* [PROBLEM TO WORK ON] From the line containing "The third was" down to the line containing "심플한 어퍼에 텅에는", copy out the entries below exactly, both lines included, and nothing else; pictures do not belong in the copy.

━━ MATERIAL TO PROCESS

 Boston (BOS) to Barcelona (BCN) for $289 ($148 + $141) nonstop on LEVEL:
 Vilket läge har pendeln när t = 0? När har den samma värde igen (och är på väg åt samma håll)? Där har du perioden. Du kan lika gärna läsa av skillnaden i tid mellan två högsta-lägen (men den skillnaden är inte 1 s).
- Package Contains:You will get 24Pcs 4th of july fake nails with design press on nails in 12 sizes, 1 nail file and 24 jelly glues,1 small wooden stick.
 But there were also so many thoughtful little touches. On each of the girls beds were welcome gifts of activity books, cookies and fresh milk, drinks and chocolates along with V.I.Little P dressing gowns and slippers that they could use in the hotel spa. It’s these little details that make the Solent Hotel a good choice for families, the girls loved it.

━━━━
━━ MATERIAL TO PROCESS

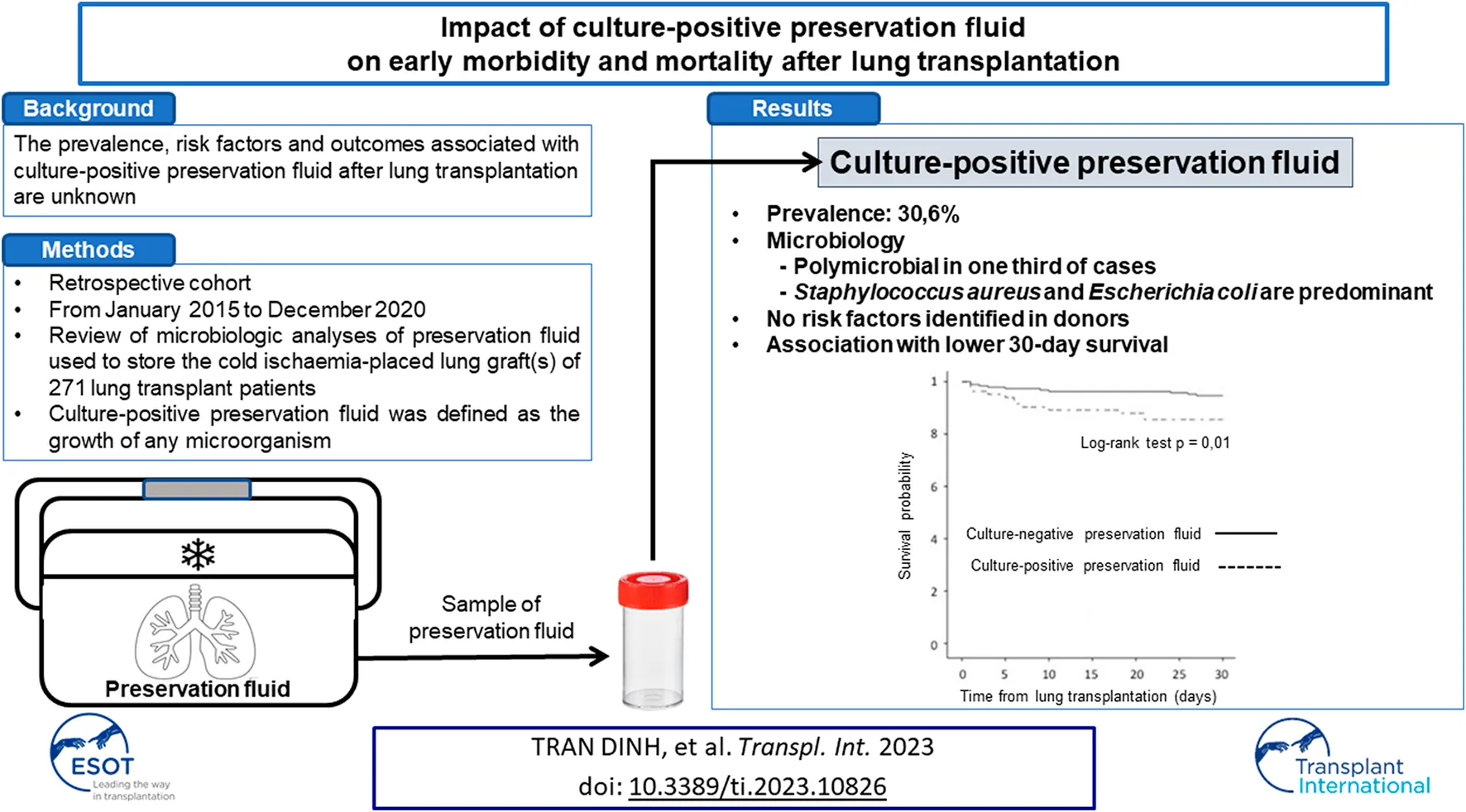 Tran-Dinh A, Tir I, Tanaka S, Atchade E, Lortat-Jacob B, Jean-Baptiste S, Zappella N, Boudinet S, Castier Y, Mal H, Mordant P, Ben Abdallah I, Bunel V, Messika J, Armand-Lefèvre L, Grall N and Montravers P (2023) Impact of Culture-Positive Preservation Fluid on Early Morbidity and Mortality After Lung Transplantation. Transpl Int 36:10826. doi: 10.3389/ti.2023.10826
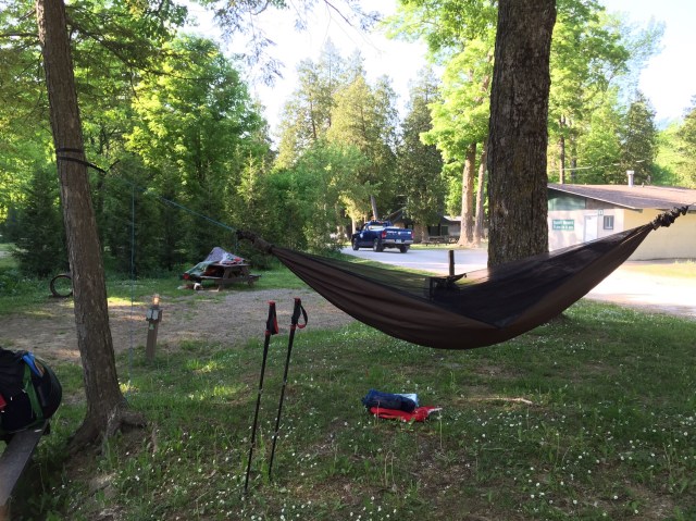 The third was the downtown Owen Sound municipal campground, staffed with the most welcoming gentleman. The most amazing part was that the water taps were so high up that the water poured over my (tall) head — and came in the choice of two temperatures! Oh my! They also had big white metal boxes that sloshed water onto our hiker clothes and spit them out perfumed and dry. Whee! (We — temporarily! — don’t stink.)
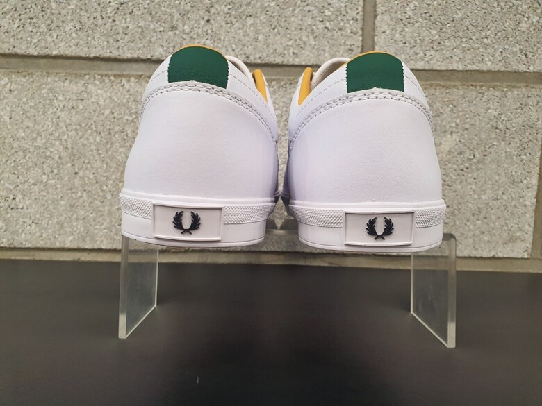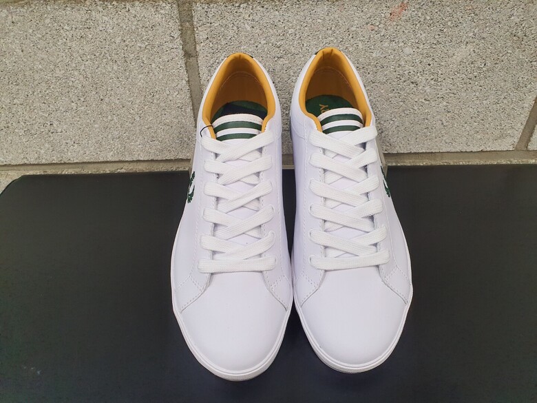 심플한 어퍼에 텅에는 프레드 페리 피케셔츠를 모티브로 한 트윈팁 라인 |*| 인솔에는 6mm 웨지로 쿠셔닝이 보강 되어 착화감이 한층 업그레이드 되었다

━━━━

* [SOLUTION FOR THIS PROBLEM]
 The third was the downtown Owen Sound municipal campground, staffed with the most welcoming gentleman. The most amazing part was that the water taps were so high up that the water poured over my (tall) head — and came in the choice of two temperatures! Oh my! They also had big white metal boxes that sloshed water onto our hiker clothes and spit them out perfumed and dry. Whee! (We — temporarily! — don’t stink.)
 심플한 어퍼에 텅에는 프레드 페리 피케셔츠를 모티브로 한 트윈팁 라인 |*| 인솔에는 6mm 웨지로 쿠셔닝이 보강 되어 착화감이 한층 업그레이드 되었다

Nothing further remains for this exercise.